Сложив все обратно, Юншен вынул из багажника черную спортивную сумку и повесил лямку на плечо. Кинув ключ в багажник, он захлопнул его. Что будет с этой машиной – ему не интересно. Юншен оглянулся. Вокруг здания было много густой растительности и мало построек. Пышно цвели красивые сливы, разбавляя зеленое море бело-розовыми благоухающими островками. За живой стеной шумела магистраль, а в ветвях деревьев и кустов пели птицы и звенели цикады.

Уже подойдя к раздвижным стеклянным дверям, Юншен отметил, что внутри здания не было людей, как и снаружи. Машин много, а людей никого, мало где виднелся включенный свет. Войдя в просторный холл, он ощутил прохладу от работающего кондиционера и тишину. Мебели и декора здесь не было – пустая безжизненная коробка с чистовой отделкой. Местами на плиточном полу были разводы от шпатлевки. Прямо на полу возле стены, где по идее должна быть расположена зона консьержа, стояла корзина подношения[7]. Духи существовали в Нифлеме, особая их форма, которую можно часто увидеть даже на улицах города, – хатана́ту[8] – этакие прожорливые, порой агрессивные существа.

Эта корзина подношения выглядела лежалой: листья баньяна и папоротника высохли и частично осыпались, синие шапки гортензии тоже начали осыпаться на пол, а лепестки розовых пионов опустились. Черные сливы зажухли, а оранжевые мандарины подгнили по бокам. Белые конверты засыпали листья и лепестки. Эту корзину оставили здесь и даже не отнесли в храм. Юншена это озадачило. Нифлемцы – ответственный народ, который живет в согласии с духами. Здесь явно что-то произошло, раз заморозили отделку и вывели рабочих.

С подношениями так нельзя – это может плохо кончиться для владельца.

Заприметив лифтовую зону, Юншен быстрым шагом направился к ней. Хван сказал, что Сан Бом Ватанабэ будет ждать на пятидесятом этаже в две тысячи семнадцатой квартире. Из трех лифтов работал только один. Сэм не успел нажать на кнопку, как заметил на дисплее, что лифт поднимался с минус второго этажа.

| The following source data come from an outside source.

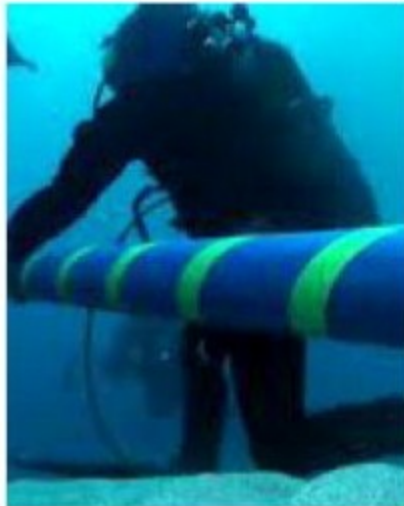
L'intervento di Terna

corrente continua a 500 kV, estendendosi per circa duemila chilometri di tracciato sottomarino. Il ramo est è inoltre uno dei tre progetti di Terna inseriti nel programma europeo REPowerEU, a conferma della valenza strategica dell'opera anche a livello comunitario, con un finanziamento di 500 milioni di euro. Il Tyrrhenian Link contribuirà al raggiungimento degli obiettivi di decarbonizzazione definiti dal Piano Nazionale Integrato per l'Energia e il Clima (PNIEC).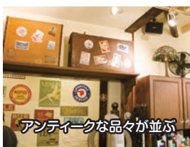
アンティークな品々が並ぶ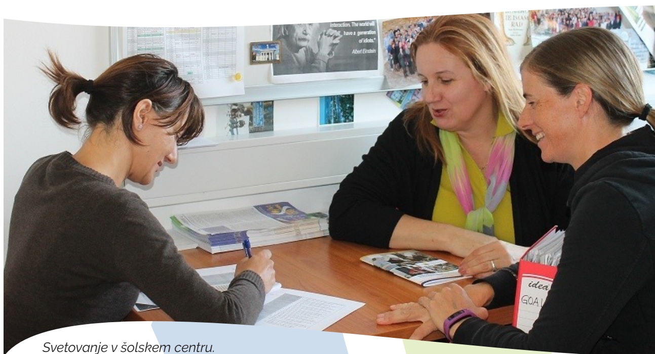
Svetovanje v šolskem centru.

c. Utrjevanje odločitve: identifikacija z izbiro in izvedbo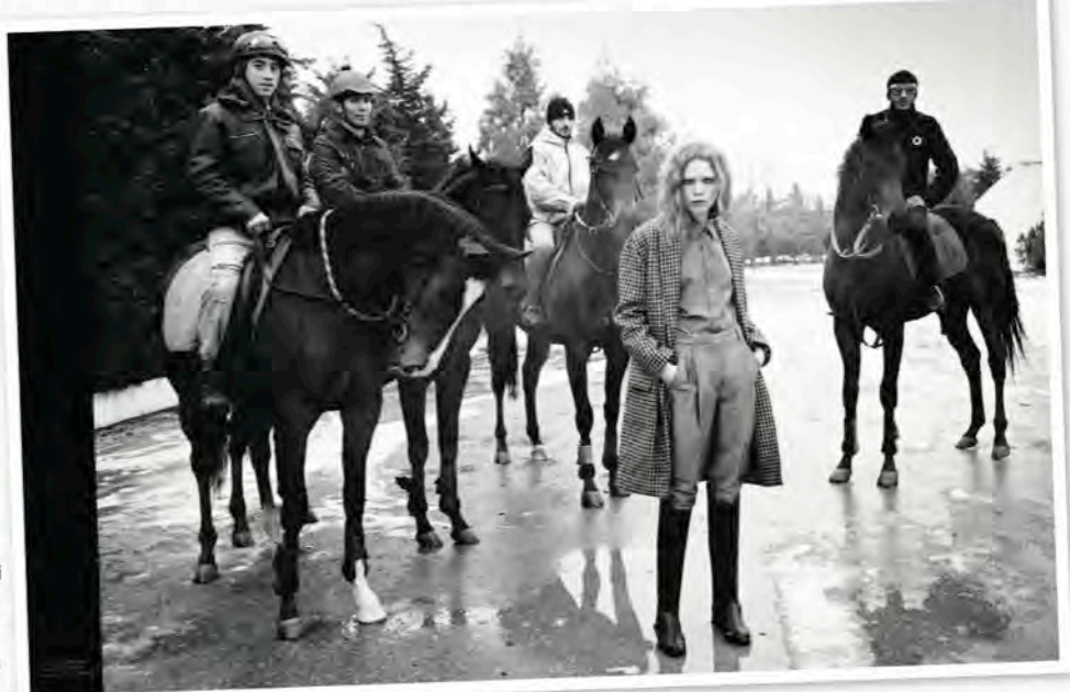
I SNÖSTORMEN. Så här blev resultatet av uppdraget för Baku Magazine i Azerbajdzjan. Jockeys och hästar från gården. Läs om bakgrunden här intill.

– Jag tror aldrig jag överger Berlin, men min dröm är att hitta ett torp på landet. Kanske till och med uppe i Norrland. Inget kan slå den fantastiska norrländska naturen!

Все-таки кто-то здесь расхаживает, к тому же у тех машин на парковке должны быть владельцы. Кругом горит свет, работают кондиционеры, но не видно ни души. Юншен нажал на кнопку и заправил полы шелковой рубашки спереди за пояс свободных рваных джинсов белого цвета. Черный кожаный ремень поддерживал их, а за выпущенной рубашкой сзади виднелся заряженный пистолет. Дополнительная обойма в белом носке, скрытая под джинсами, один складной нож в заднем кармане, там же пачка сигарет с зажигалкой, в другом – телефон. Ключ от мотоцикла он прицепил за шлевку на поясе джинсов, отчего брелок позвякивал в такт шагам. Тем не менее Юншен думал, что этого мало. Он бы хотел взять с собой блочный лук, который ему подарил Хван, но он шел якобы на мирную встречу.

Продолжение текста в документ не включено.